Quarterly report pursuant to Section 13 or 15(d)


3 Months Ended
Mar. 31, 2022
Business Combinations [Abstract]  
Mergers, Acquisitions and Dispositions Disclosures
Completed Acquisitions
On February 7, 2022, we purchased Westport Fuel System Inc.'s stake in the Cummins Westport Joint Venture. We will continue to operate the business as the sole owner. The purchase price was $42 million and was allocated primarily to cash, warranty and deferred revenue related to extended coverage contracts. The results of the business were reported in our Engine segment. Pro forma financial information for the acquisition was not presented as the effects are not material to our Condensed Consolidated Financial Statements.
Pending Acquisitions
On February 9, 2022, we reached an agreement with Altra Industrial Motion Corp to acquire its Jacobs Vehicle Systems business and closed the transaction in April 2022. Sales of this business were $194 million in 2021. The purchase price was $346 million in cash, subject to typical adjustments related to closing working capital and other amounts and does not contain any contingent consideration. At this time, we have not completed the purchase price allocation, but expect to record approximately $270 million to $300 million of goodwill and intangibles. This acquisition will be reported in our Components segment.

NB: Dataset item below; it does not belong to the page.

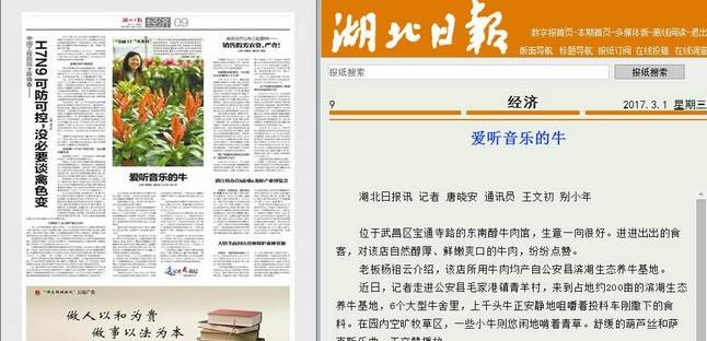 《爱听音乐的牛》在湖北日报上发表

On February 21, 2022, we entered into an Agreement and Plan of Merger (the Merger Agreement) with Meritor, Inc. (Meritor) and Rose NewCo Inc. (Merger Sub) pursuant to which we agreed to acquire Meritor, a global leader of drivetrain, mobility, braking, aftermarket and electric powertrain solutions for commercial vehicle and industrial markets. At closing, Merger Sub will merge into Meritor with Meritor as the surviving entity and becoming our wholly owned subsidiary. This acquisition will be reported in our Components and New Power segments. Pursuant to the terms of the Merger Agreement, we will pay $36.50 in cash per share of Meritor common stock, for a total transaction value of approximately $3.7 billion, including assumed debt and net of acquired cash. We plan to fund this acquisition with a combination of cash, commercial paper and long-term debt.

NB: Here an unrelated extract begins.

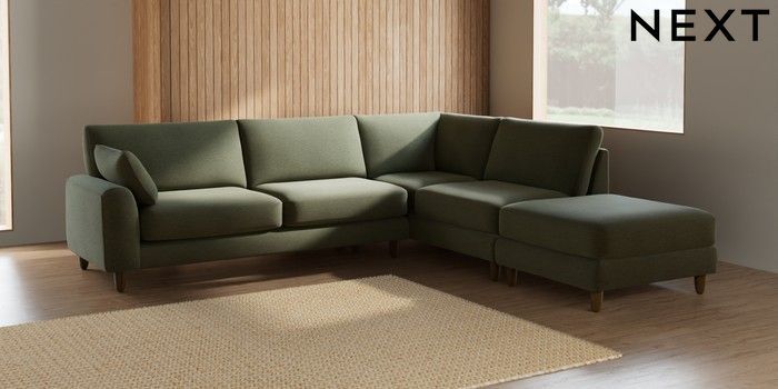 7.2.10 Campbell Large Open End Corner Chaise - Right Hand Ripple Chenille Mid Moss Green High Leg - Mid | Made Click here to use our website with more accessibility support, for example screen readers

The Board of Directors of Meritor recommended that Meritor shareholders vote in favor of the transaction at a Special Meeting of Shareholders to be held on May 26, 2022. The transaction is expected to close by the end of 2022 subject to customary closing conditions and receipt of applicable regulatory approvals. The Merger Agreement contains certain customary termination rights, subject to certain limitations, that could result in either us or Meritor having to pay a termination fee to the other party. Should the Merger Agreement be terminated under such specified circumstances, Meritor could be required to pay us approximately a $74 million termination fee, and we could be required to pay Meritor a $160 million termination fee.